В конце концов, в её положении вредно волноваться. Смерть товарища Тито его тоже потрясла, хотя он и не боготворил (в отличие от жены) председателя Коммунистической Партии, но это была первая смерть лидера страны в его жизни, а потому он чувствовал себя растерянным и даже слегка испуганным.
Звуки на улице почти стихли. Судя по всему, не только Ерта была шокирована и расстроена кончиной товарища Тито. Хоть никто и не смел вслух сказать о таком исходе, но всё же вся страна ещё с января внутренне ожидала этого. Тем не менее, очень многие оказались не готовы к этой смерти и, как и бедная Ерта, были ошеломлены и откровенно плакали.
Мерджим обнял жену. Стоять, согнувшись, было неудобно, но мужчина терпел. Минут через пять будущая мать перестала плакать. Супруг собрался подняться, чтобы пойти и закончить мытьё посуды, но тут рука жены резко сжала его плечо, а сама она поморщилась, приложив свободную руку к низу круглого живота.
– Что? – муж вопросительно посмотрел в глаза жене.
– Ох! – только и смогла она сказать.
Ерта стала садиться, Мерджим помог ей. Тут они оба увидели, что под женщиной расплывается тёмное мокрое пятно. Это отошли воды, похоже, что на фоне стресса начались роды. Не так, чтобы преждевременные, но раньше установленного врачом срока.
Супруги посмотрели друг на друга.
– Началось, – констатировала Ерта.
Они поняли друг друга без слов. Взволнованный, но собранный молодой муж быстро подошёл к телефонному аппарату и вызывал карету Скорой помощи. Ерта чувствовала, как ребёнок тяжело ворочается в животе. Это беспокоило её, она чувствовала: что-то не так. Собрав волю в кулак, она дождалась прибытия медиков и им сразу же сообщила о своих ощущениях. Услышав слова жены, Мерджима затрясло, самообладание покинуло его, и он категорическим тоном заявил, что поедет вместе с супругой в роддом. Не желая спорить, медики позволили ему сесть в карету Скорой помощи. С возбуждённым будущем отцом и без них разберутся у входа в отделение для рожениц.
Машину подбрасывало на выбоинах. По пути в больницу ребёнок как-то особенно сильно дёрнулся в животе и затих. Лицо роженицы побледнело, она бросила панический взгляд на мужа.
– Что такое? – взволнованно спросил Мерджим, который сидел рядом и держал её за руку.
– Ребёнок, – истерическим голосом произнесла Ерта. – С ним что-то не так!
Медик тут же стал прослушивать сердцебиение стетоскопом. Он вслушивался и вслушивался, в надежде услышать стук маленького сердечка среди шума машины, но никак не мог разобрать, бьётся маленькое сердце или нет. Вдруг ребёнок вновь резко и очень сильно дёрнулся, причинив боль матери. Она вскрикнула, а медик с облегчением констатировал, что ребёнок жив, услышав частое и сильное биение ещё одного сердца, кроме материнского.

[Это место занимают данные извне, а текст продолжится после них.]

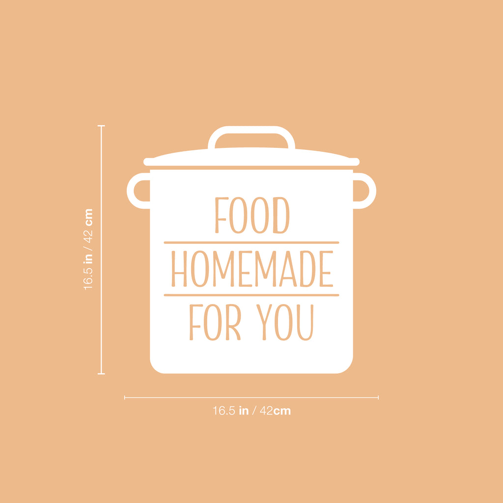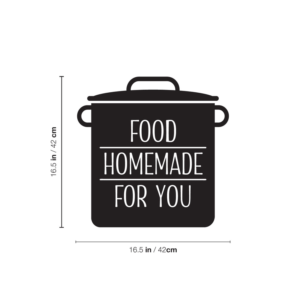 This decal quote "Food Homemade For You"; is the perfect touch for your kitchen or shopfront. Use it for your dining room; restaurant; kitchen or anywhere you want to bring some extra fun decoration. It's a vinyl sticker that is easy to put on any smooth and dry surface. Our modern designs don't just brighten up the room; but brighten up the day. Using top of the line vinyl across all of our production allows us to be the leaders in quality and design.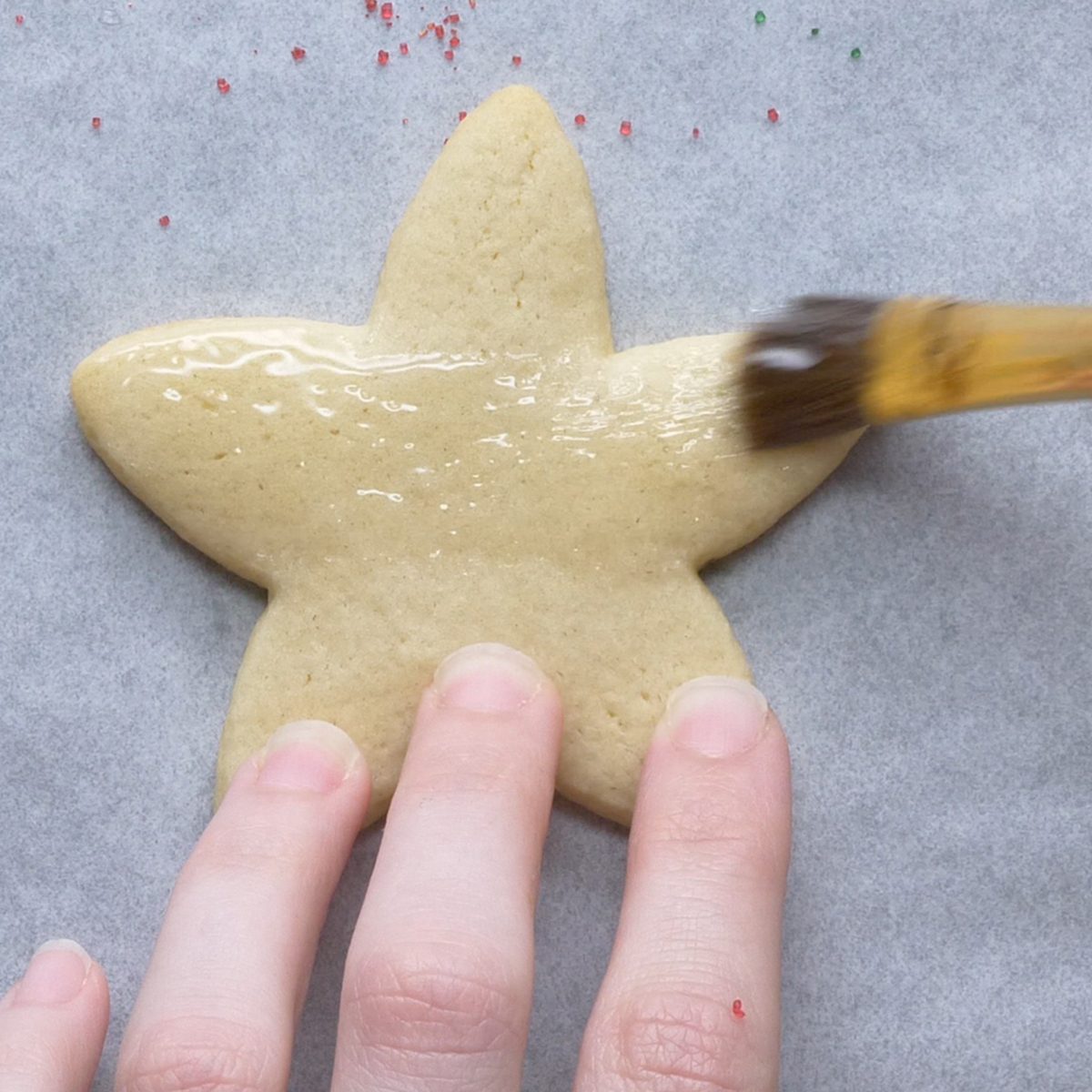 If you’re decorating cutout cookies or even spritz, you can use corn syrup to keep your sprinkles in place after baking. Just brush the cookie with a bit of warmed up syrup and sprinkle away. The sprinkles will stay in place once cooled.
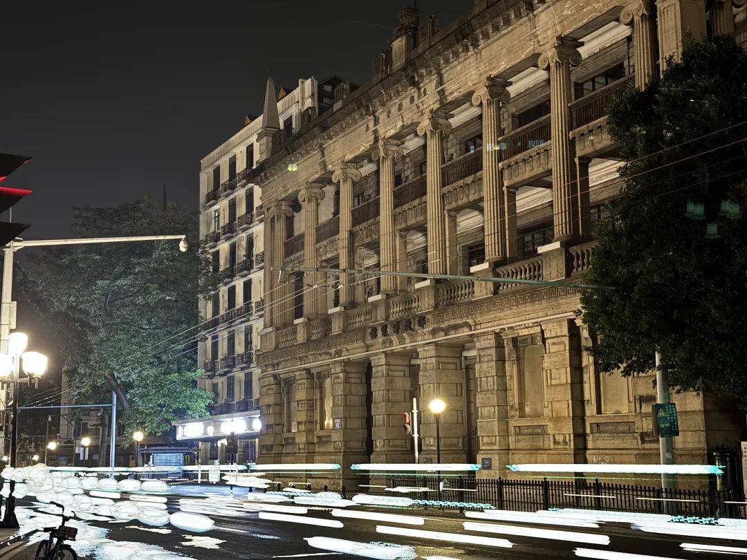 接下来这张适合iPhone 15 Pro Max主摄像头搭配夜间模式拍摄的“长曝光”也是同样的情况:建筑物表面的主干处理得非常不错,复杂的柱顶甚至是建筑屋顶上的招牌都清晰可辨。
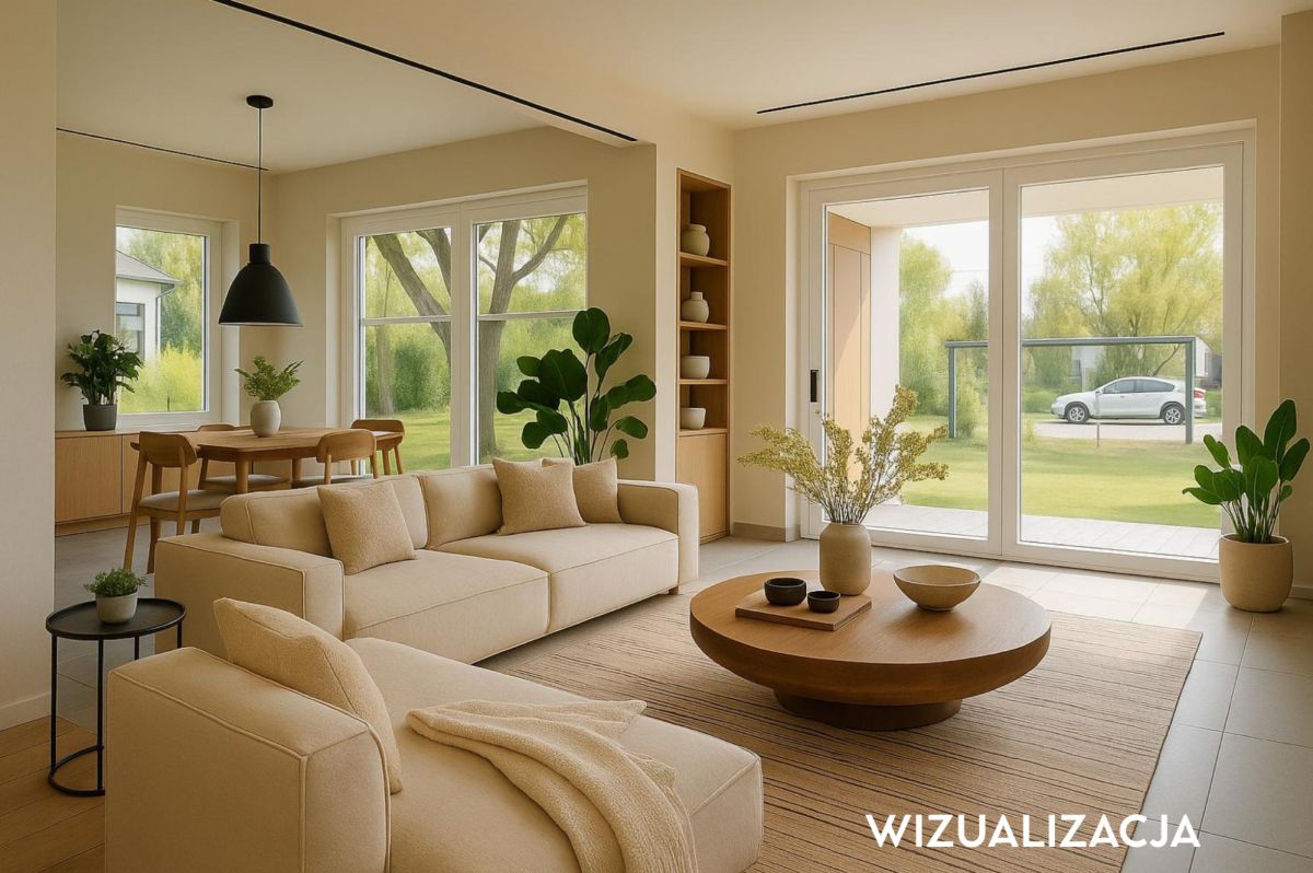 Przestronny salon z panoramicznymi przeszkleniami (okna HS)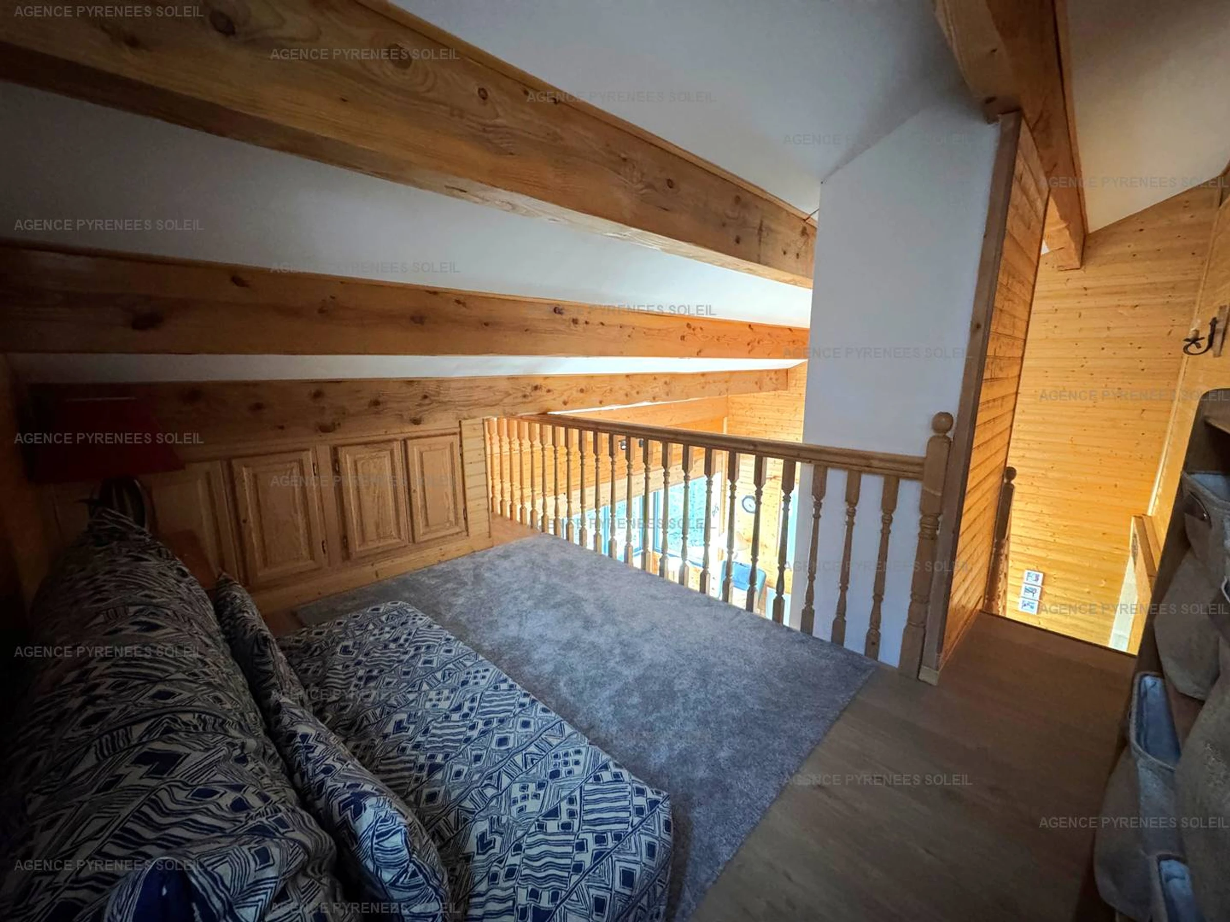 This 90 m² chalet top floor is located in a quiet setting with stunning views of Lake Matemale and the surrounding mountain range. Facing southeast, it offers a bright and comfortable living room with a sofa, armchairs, television, and fireplace insert, and a fully equipped kitchen including a four-burner induction hob, refrigerator-freezer, dishwasher, extractor hood, oven, microwave, and washing machine.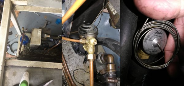 更換新的過(guò)濾器后,用真空泵將系統(tǒng)抽真空,利用這段時(shí)間去吃飯,回來(lái)等到系統(tǒng)完全抽真空,用電子秤定量加入冷媒,當(dāng)冷媒加入到1.676kg的時(shí)候,又發(fā)現(xiàn)冷媒無(wú)法再加入了。開機(jī)排查,發(fā)現(xiàn)膨脹閥也堵塞了,拆下清潔疏通再安裝上還是堵塞,只能更換新的膨脹閥。去附近五金商城找了一圈沒(méi)有買到這個(gè)型號(hào)的膨脹閥,公司倉(cāng)庫(kù)也沒(méi)有庫(kù)存,立即從上海廠商那訂貨直接發(fā)到南通中天。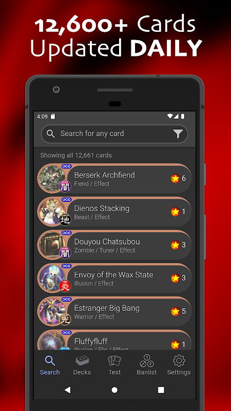 En önemlisi, uygulama her başlatıldığında otomatik olarak en son kart listesini alır, böylece en yeni YGO kartlarını almak için uygulama güncellemesi için birkaç gün/hafta beklemenize gerek kalmaz!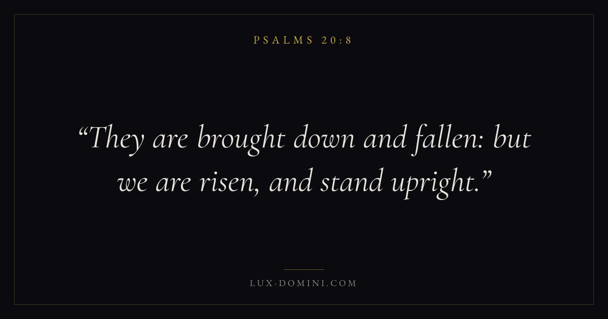 Books / Psalms / Chapter 20 / Verse 8 ← Psalms 20:7 Psalms 20:8 Psalms 20:9 → They are brought down and fallen: but we are risen, and stand upright. Download verse card Share on Twitter Share on Facebook Pin it ✦ Key themes FaithPrayerPraiseLament Read with Hebrews 11:1Romans 10:17Matthew 6:9Luke 18:1 Related topics Bible verses about faithBible verses about prayerBible verses about thankfulness and gratitudeBible verses about grief and loss ✦ Psalms Chapter 20 verses V. 1 V. 2 V. 3 V. 4 V. 5 V. 6 V. 7 V. 8 V. 9
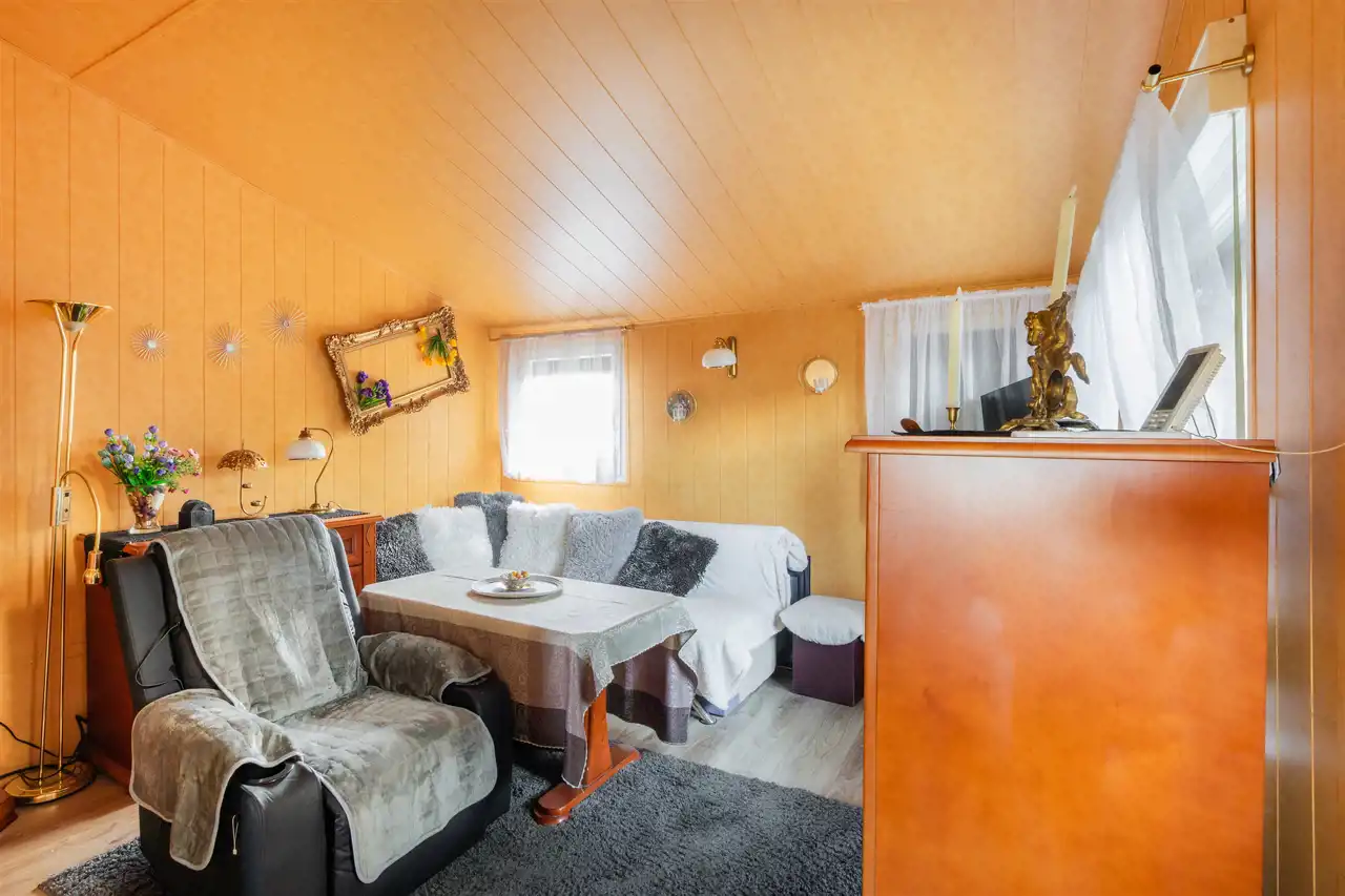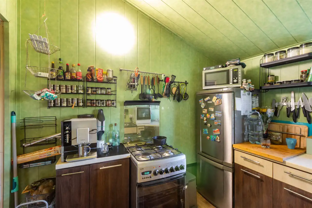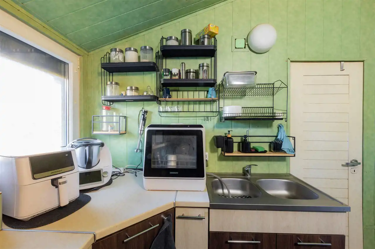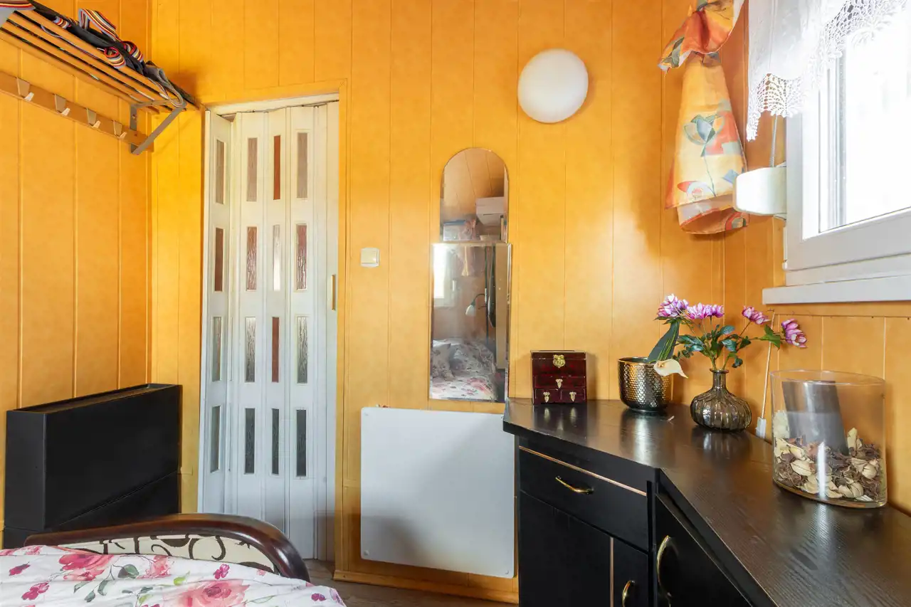 Na działce postawiono dom drewniany, ocieplony wolnostojący o powierzchni użytkowej 35 m2, z dobudowanym pomieszczeniem gospodarczym, gdzie zainstalowano zestaw hydroforowy.

– Не беспокойтесь, – успокоил роженицу медик, распрямившись и убрав в карман стетоскоп, – сердцебиение ребёнка в норме.
***
После полуночи на свет появился мальчик. Ребёнок был абсолютно здоров, о чём он сразу сообщил громким криком всем присутствующим в родильном зале. Врач внимательно обследовала младенца и не обнаружила никаких отклонений от нормы, кроме неравномерного сердцебиения. Прежде, чем врач успел сделать какие-то выводы, ребёнок стал стремительно затихать, словно терял сознание. Он обмяк и закатил глаза. Новорожденного быстро отправили в реанимацию, тот совсем перестал подавать признаки жизни. Прослушивая на ходу сердцебиение, врач, к сожалению, его не услышал. Руки никто опускать не собирался и, когда команда реаниматологов собралась приступить к работе, младенца словно током ударило, так сильно и резко дёрнулось его маленькое тельце. Послышался громкий, обиженный плач, и врач, вздохнул с облегчением. Он ещё раз прослушал сердце малыша – сердце билось в нормальном ритме, без посторонних шумов. Ну, что ж, с новорожденными чего только не бывает… Ребёнка и мать решили оставить в роддоме несколько дольше, чем нужно, чтобы понаблюдать за малышом. Мать выслушала довольно туманные объяснения, но вопросов не задала, поскольку слушала она их в пол-уха, для неё главное было, что с ребёнком сейчас всё в порядке.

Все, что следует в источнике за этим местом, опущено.